++++ Records shown ++++

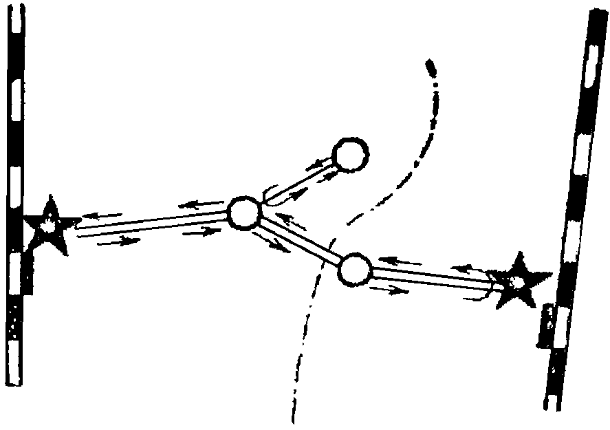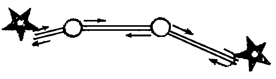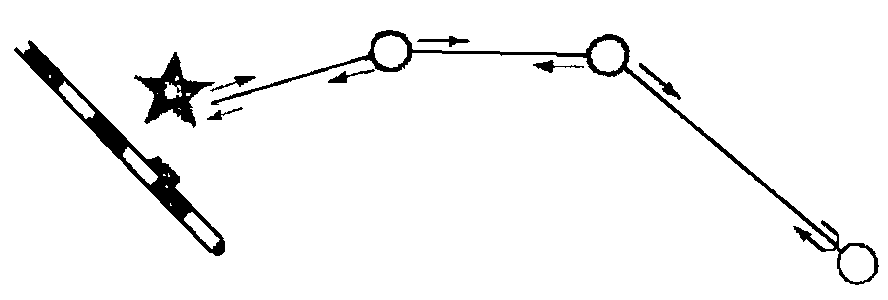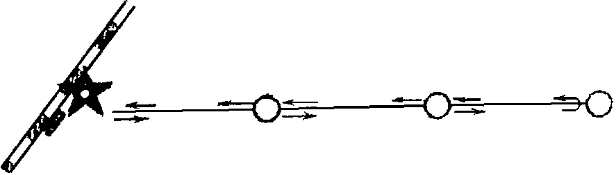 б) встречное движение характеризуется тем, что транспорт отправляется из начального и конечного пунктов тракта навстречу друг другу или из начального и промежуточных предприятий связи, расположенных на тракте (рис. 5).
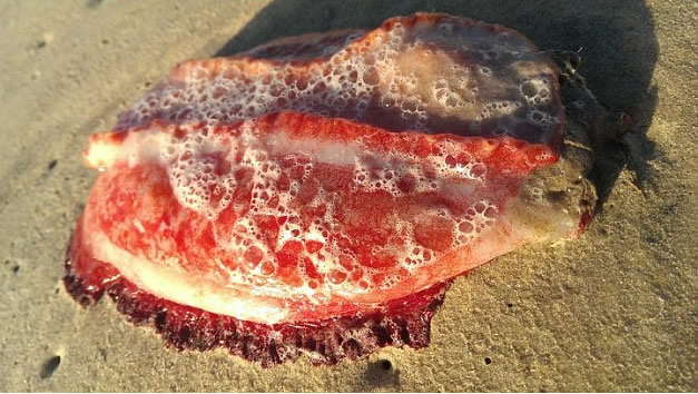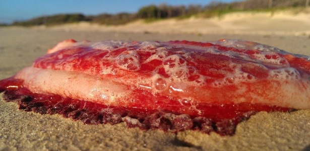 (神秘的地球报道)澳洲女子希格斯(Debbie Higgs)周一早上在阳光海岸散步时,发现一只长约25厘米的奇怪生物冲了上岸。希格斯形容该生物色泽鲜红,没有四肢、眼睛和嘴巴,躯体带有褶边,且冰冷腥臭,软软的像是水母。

++++
++++ Records shown ++++

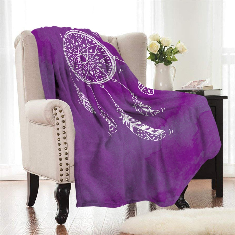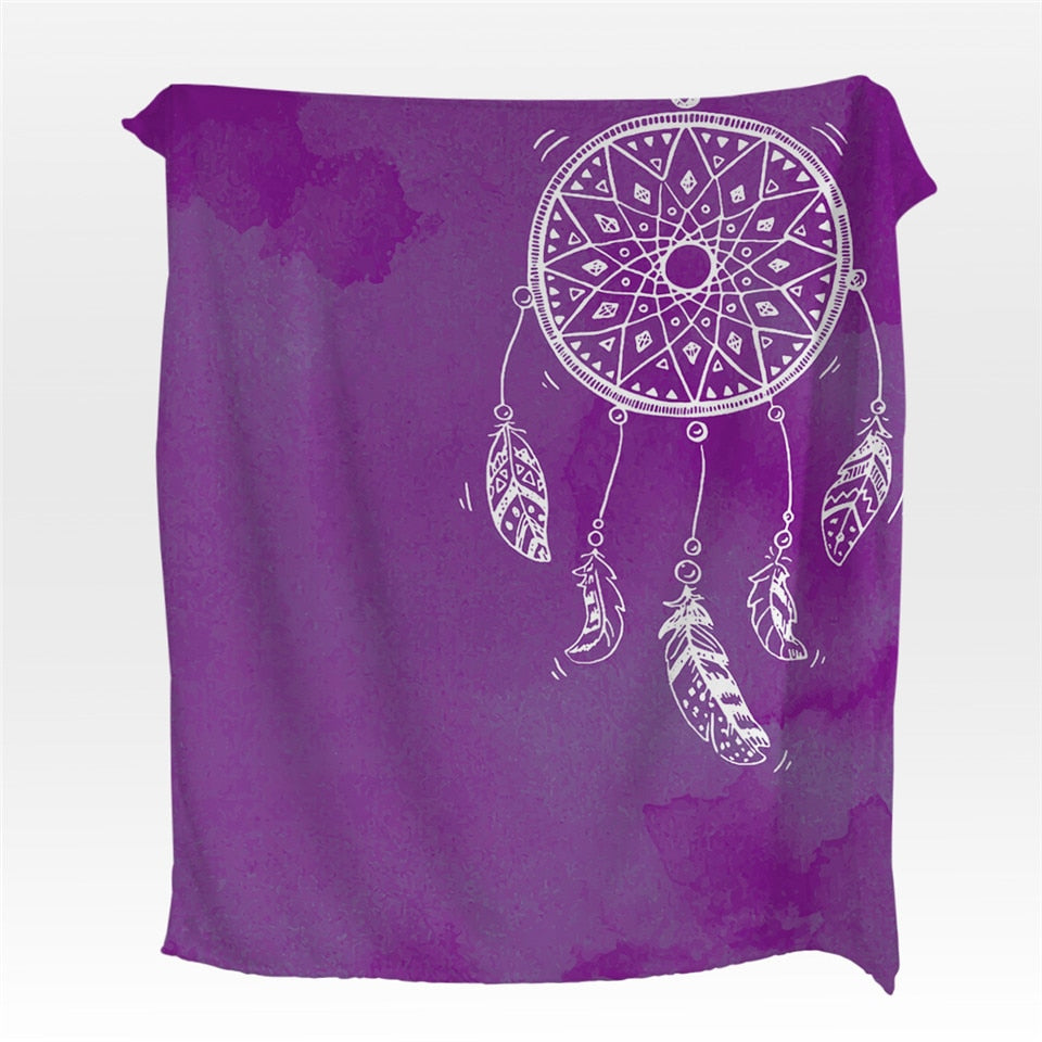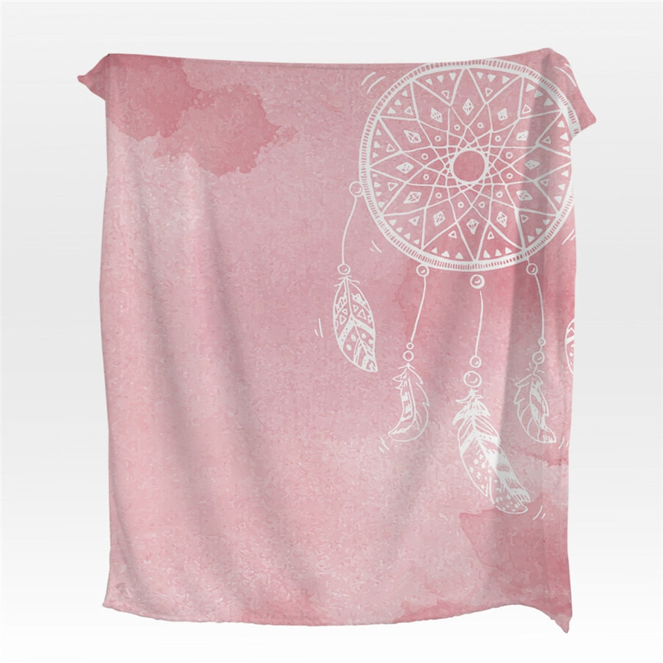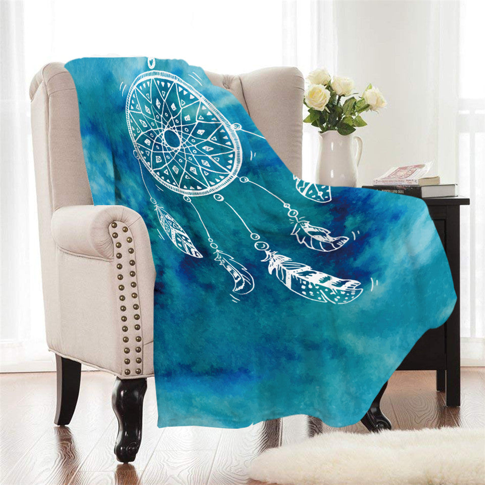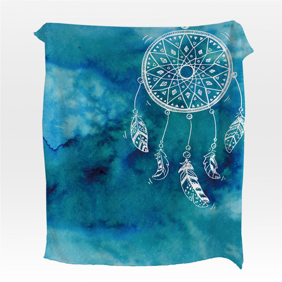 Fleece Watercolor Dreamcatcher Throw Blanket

++++

-- Brief --
Copy word for word the lines above, starting at the line containing "б) встречное движение" and ending at the line containing "(神秘的地球报道)澳洲女子希", inclusive, with no pictures.

-- Exercise result --
 б) встречное движение характеризуется тем, что транспорт отправляется из начального и конечного пунктов тракта навстречу друг другу или из начального и промежуточных предприятий связи, расположенных на тракте (рис. 5).
 (神秘的地球报道)澳洲女子希格斯(Debbie Higgs)周一早上在阳光海岸散步时,发现一只长约25厘米的奇怪生物冲了上岸。希格斯形容该生物色泽鲜红,没有四肢、眼睛和嘴巴,躯体带有褶边,且冰冷腥臭,软软的像是水母。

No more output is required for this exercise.